Le Temps: Comment s’imaginer le fonctionnement de votre idée d’action cumulus»?

Gerhard Schwarz: L’approche à court terme des investisseurs dérange le public. Les patrons d’entreprise se plaignent aussi d’une approche boursière de leur fonction, de l’observation perpétuelle du cours de leurs actions à la publication trimestrielle de leurs résultats en passant par les «road shows» pour investisseurs. La volatilité à court terme est également problématique. Les entreprises ayant un actionnaire fort, par exemple les sociétés familiales, enregistrent une meilleure performance. L’idée de l’action cumulus consiste à réorienter l’approche sur le long terme. Les industriels du XIXe siècle n’avaient pas d’objectif financier à court terme, mais portaient un regard sur dix ou vingt ans. Le management était souvent lui-même l’investisseur. Aujourd’hui, le schéma est inversé. Le management réfléchit à moyen terme et l’actionnaire à très court terme. Cette perspective à long terme peut provenir d’un actionnaire majoritaire ou d’une action cumulus. Les détenteurs d’une action cumulus s’engageraient à trois ans ou davantage et obtiendraient une prime sous forme d’un droit de souscription, ou d’un dividende préférentiel, ou encore des droits de vote accrus, à l’image des anciennes actions nominatives liées. Les intérêts sont alors mieux alignés sur l’esprit entrepreneurial à long terme. L’identification avec l’entreprise peut venir d’une nouvelle forme d’action. L’action cumulus est peut-être mon idée préférée au sein des 44 nouvelles propositions de notre ouvrage.

Que se passe-t-il avec l’action cumulus si la société présente une perte et doit réduire son dividende?

L’action cumulus est ainsi imaginée qu’elle réduit l’incitation à la vente. Si je reste actionnaire trois ans, j’obtiens un droit de souscription pour une action, par exemple.
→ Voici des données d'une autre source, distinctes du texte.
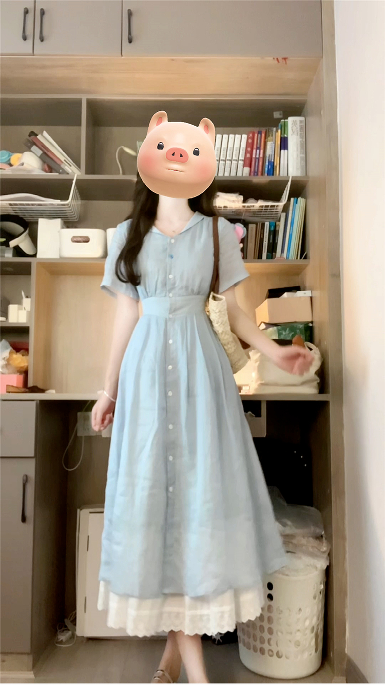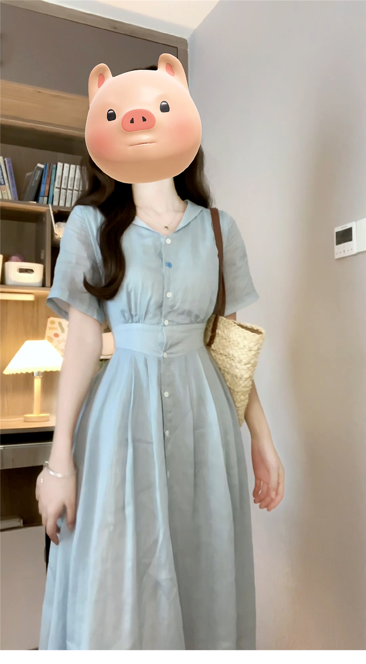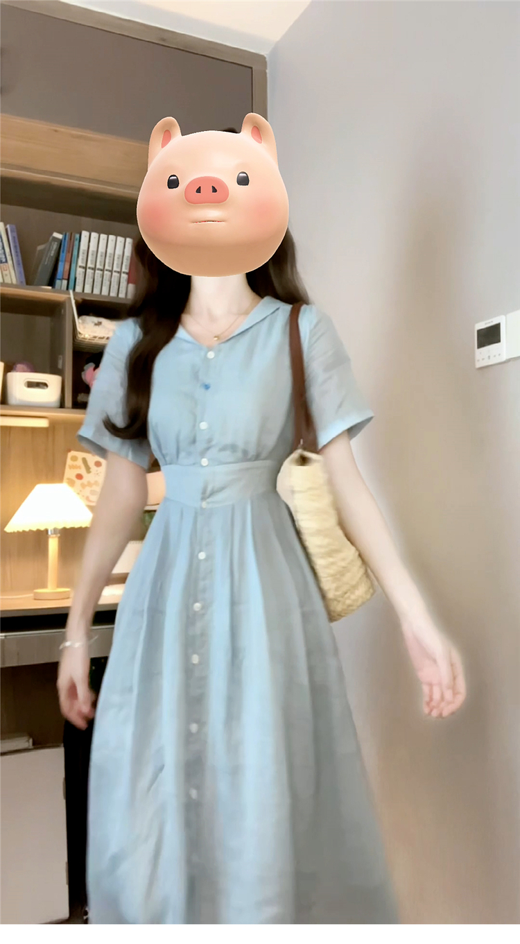 2025 새로운 프랑스 스타일 블루 셔츠 원피스 여름 여성의 우아한 허리 슈퍼 좋은 긴 원피스스토어 가기

Et si les affaires vont mal, je peux vendre l’action, mais je dois renoncer à mon droit de souscription. Le prix de la sortie devient une sorte de coût d’opportunité.
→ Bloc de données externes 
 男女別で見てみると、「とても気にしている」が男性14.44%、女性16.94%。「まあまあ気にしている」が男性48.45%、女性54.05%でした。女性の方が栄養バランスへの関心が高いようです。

Mais pour l’entreprise, ce droit de souscription n’est-il pas un coût?

Il existe effectivement un effet de dilution, une redistribution de l’investisseur à court terme vers l’actionnaire à long terme.
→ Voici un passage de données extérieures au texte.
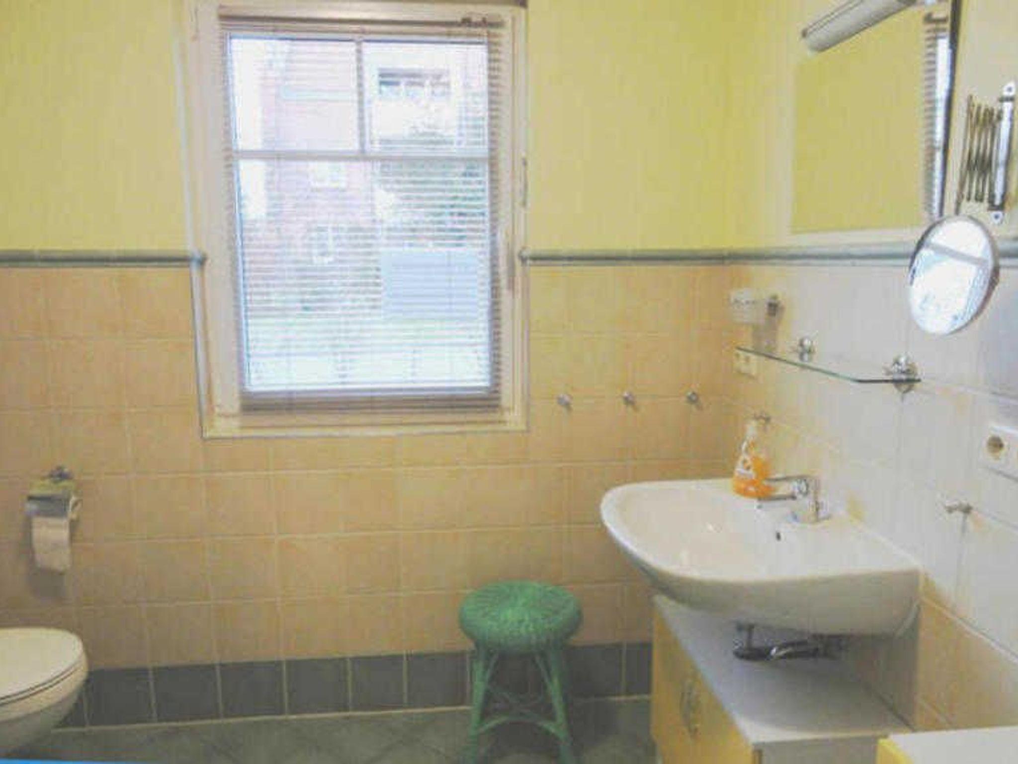 Im Bad mit Fenster befinden sich die Dusche und das WC.
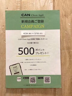 開催期間:4/24(金)〜5/10(日) 期間中にCAN chumアプリを新規ご登録いただくと その場で使える《500ポイント》をプレゼント🎁 ⚠︎通常=100ポイント▶️キャンペーン期間中=500ポイント ⚠︎1ポイント=1円分としてご利用いただけます (店舗・CAN ONLINE SHOP共通) ⚠︎そのほかにもスタンプを集めて割引クーポンプレゼントや バースデークーポンなどお得な特典付き! お得にポイントが貰えるこの期間にぜひご入会くださいませ。 ご来店を心よりお待ちしております🎵

Est-ce que les droits de vote seraient identiques?

C’est un cas de figure possible, mais nous pourrions aussi imaginer le cas où l’actionnaire qui garde ses actions trois ou cinq ans a fait ses preuves de loyauté et dispose de droits supplémentaires. Nous voulons lancer ce type de débat.

Aujourd’hui, chaque groupe d’intérêt défend à l’extrême ses intérêts particuliers au détriment d’une approche globale de la société, ce qui engendre tous les eismes» (écologisme, féminisme.). Existe-t-il des solutions adaptées à la Suisse face à ce phénomène?

C’est un aspect clé du modèle suisse. La coopération entre individus au sein de la commune, puis du canton et, finalement, de la Confédération reste l’atout suprême du système suisse. Les conflits idéologiques entre partis qui se déroulent au plan fédéral sont stériles, et à mille lieues de la collaboration de représentants des différents partis au plan local. Malgré la globalisation et une Europe toujours plus centralisée, c’est la force de la Suisse. Elle s’exprime par le fait qu’une grande partie des impôts soit levée au plan communal. C’est ainsi qu’on lutte contre ces «ismes» et qu’on obtient un compromis.

Cet article est paru dans «Le Temps» du 19 janvier 2013.